Overview Setup an automated process for continuous monitoring, vulnerability management, and security policy compliance evaluation reporting. Primarily focusing on PHP microservices and Islandora Drupal modules.

[ruebot]

@DonRichards how would you like to proceed with this ticket before it gets too stale? Would you like to refocus your efforts here and align it with the MVP, or would you like to close the issue and come back to it later?

[ruebot]

@DonRichards ping

[DonRichards]

Hi @ruebot I've been doing some research into this for other projects. While looking into a continuous security integration to validate the security posture for non-infrastructure software through Travis continuous integration pipeline I've come across a few options. These could be easy enough to implement and quick to code.

ISIG is already developing this security posture. Does CLAW want to rely on ISIG's suggestions for this?

Assuming the security suite is a separate repo because of the size and possible use I can put together a starting point in the next few days to look at.

I just created an empty repo for this; https://github.com/DonRichards/CPS

But I agree if this isn't something quickly wrapped up it might be useful to revisit later. As for now it might actually help people develop faster and more confidently.

But I'm open to suggestions.

[ruebot]

Please expand more on the security posture.

[DonRichards]

Overall security plan and assessment of what is important to a check (vulnerabilities, injection, code standards, etc.).

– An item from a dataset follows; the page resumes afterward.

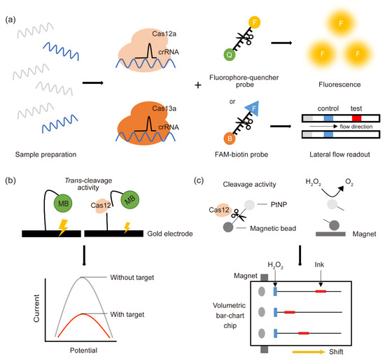 In contrast to Cas9, the more versatile features of Cas12, especially its trans-cleavage activity, make it more suitable for molecular diagnoses [8,26]. These functions can be used to activate various types of reporter molecules. Based on these properties, Cas12-based diagnostic platforms have been developed by coupling several types of reporter systems, including a fluorescent probe, a lateral flow readout, and an electrochemical sensor (Table 2).

Knowing what is import help develop the scope for testing. If we start with a catch all we could end up test for DDOS attack issues when that is outside the scope of our stack.

[ruebot]

Can you explicitly outline;

• how this is different from what you originally proposed, and has already been commented on
• what you are volunteering to work on
• what you are committing to deliver
• how this aligns with the MVP

[DonRichards]

• Does not differ much if at all.
• I'm willing to create a submodule to accomplish this via spinning up a VM in travis and test.
• Committing to create a starting point to automate the testing, document how to make additions
• MVP: The ability to restrict access to collections and/or individual resources across all representations (test restrictions work).

[DonRichards]

I am wondering if Codecov is enough to start with? It's already been integrated with some of the submodules.

[ruebot]

Where does Codecov overlap with what you are proposing?

[DonRichards]

Just think it's all part of Code quality

[ruebot]

Closing this for now since the scope has changed a few times, and we're do not have consensus on what it is. If we sort out the scope, we can re-open or create a new ticket. Feel free to create an item on a future CLAW Call if need be.